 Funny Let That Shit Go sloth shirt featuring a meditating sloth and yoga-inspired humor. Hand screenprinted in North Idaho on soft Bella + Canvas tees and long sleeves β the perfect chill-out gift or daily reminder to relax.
-----
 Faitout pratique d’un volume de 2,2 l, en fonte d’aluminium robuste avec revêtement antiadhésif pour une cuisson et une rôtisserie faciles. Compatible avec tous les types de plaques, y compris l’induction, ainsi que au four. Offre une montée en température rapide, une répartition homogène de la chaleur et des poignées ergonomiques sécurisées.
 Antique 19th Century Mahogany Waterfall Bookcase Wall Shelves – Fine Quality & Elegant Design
-----
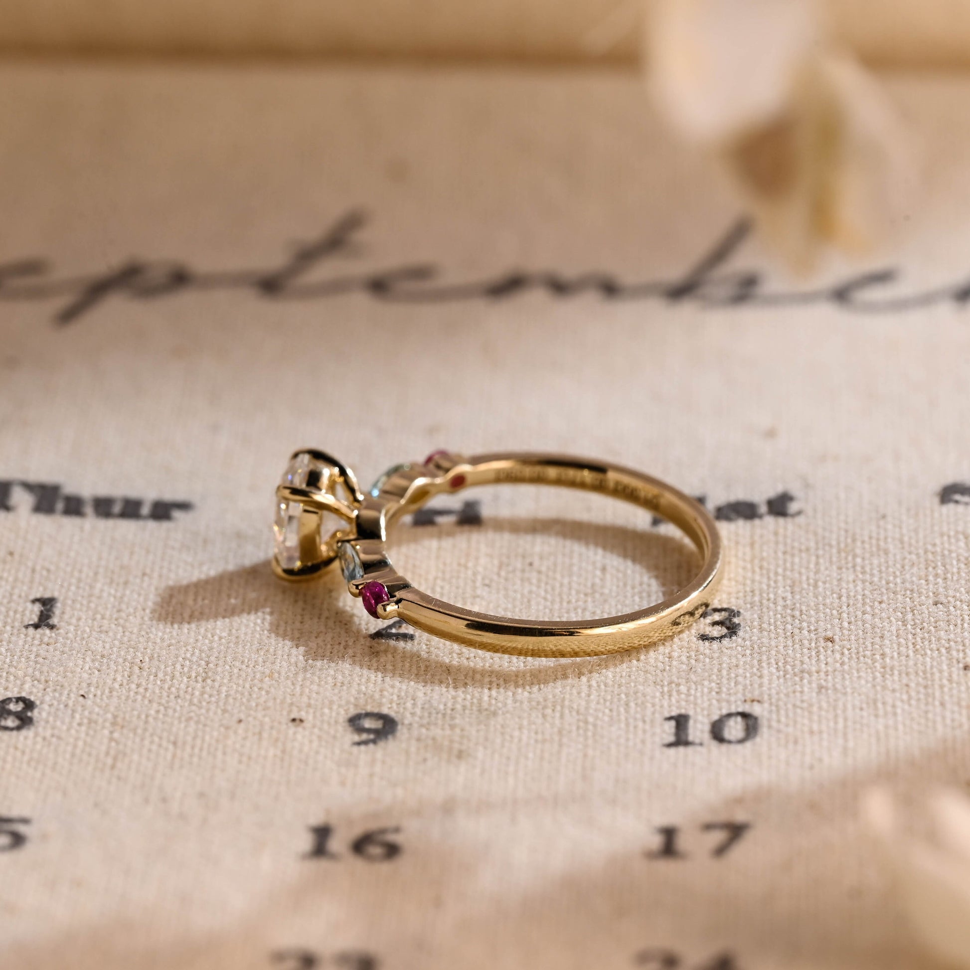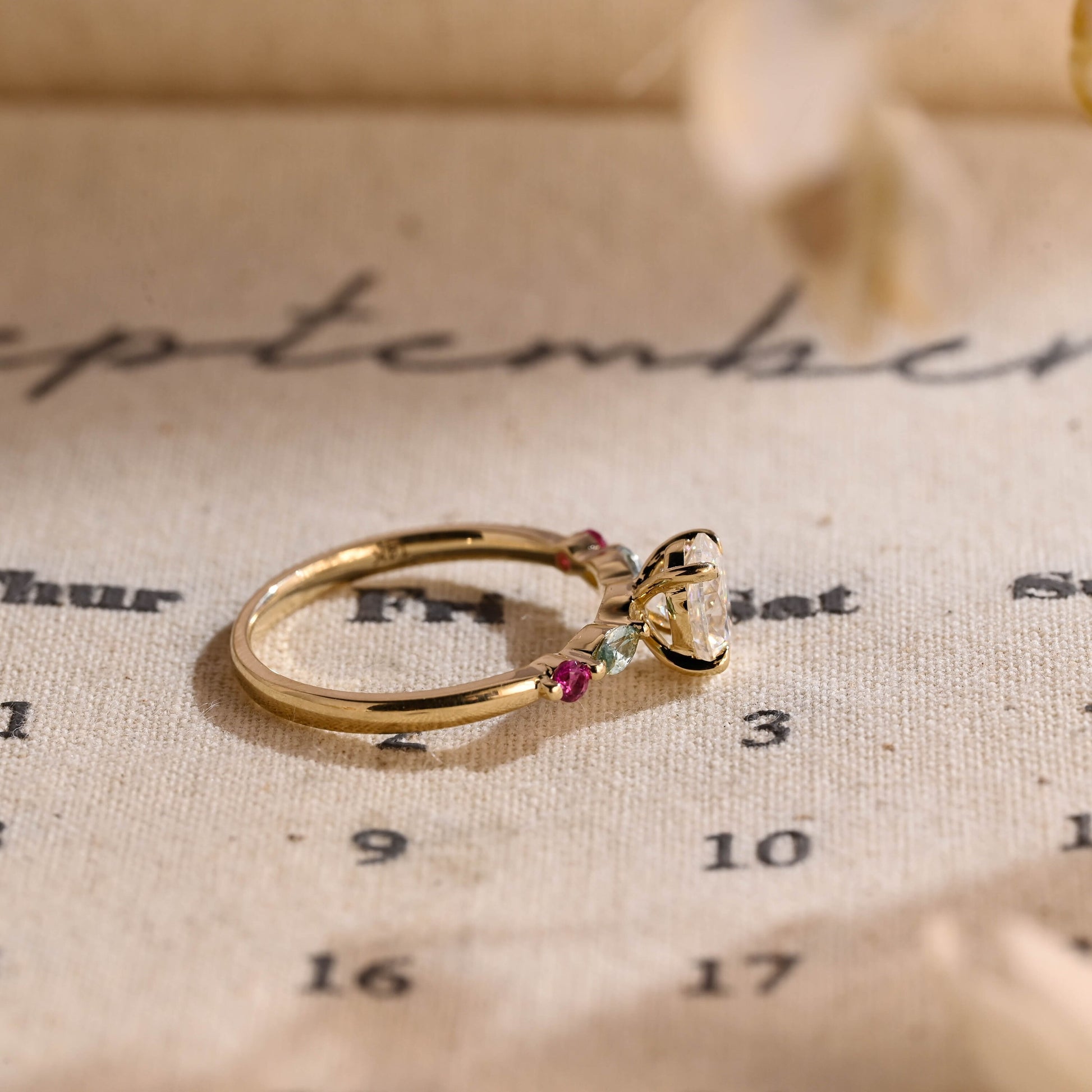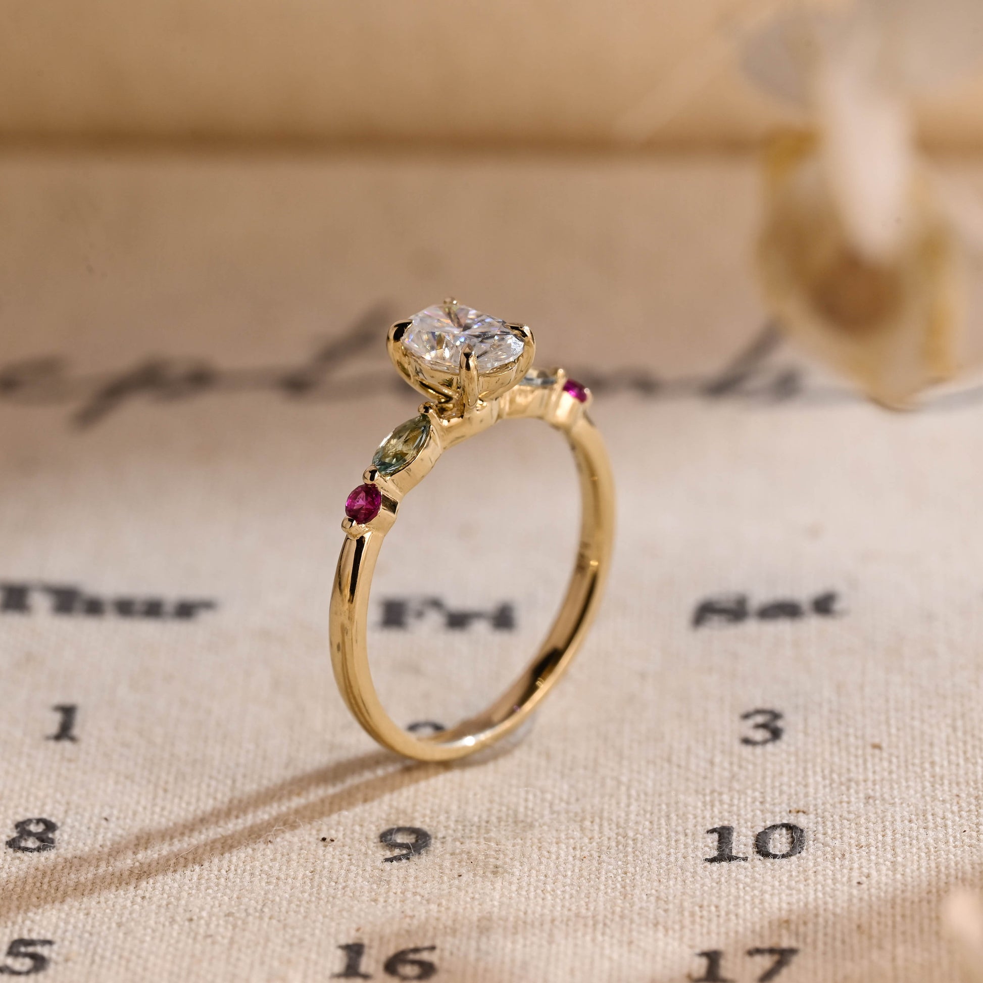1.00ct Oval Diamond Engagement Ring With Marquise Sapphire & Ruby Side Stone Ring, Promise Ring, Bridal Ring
-----
§ INSTRUCTIONS FOR THE TASK: Retype exactly the lines above, from the one with "Faitout pratique d’un" through the one with "Antique 19th Century", inclusive.

§ ANSWER:
 Faitout pratique d’un volume de 2,2 l, en fonte d’aluminium robuste avec revêtement antiadhésif pour une cuisson et une rôtisserie faciles. Compatible avec tous les types de plaques, y compris l’induction, ainsi que au four. Offre une montée en température rapide, une répartition homogène de la chaleur et des poignées ergonomiques sécurisées.
 Antique 19th Century Mahogany Waterfall Bookcase Wall Shelves – Fine Quality & Elegant Design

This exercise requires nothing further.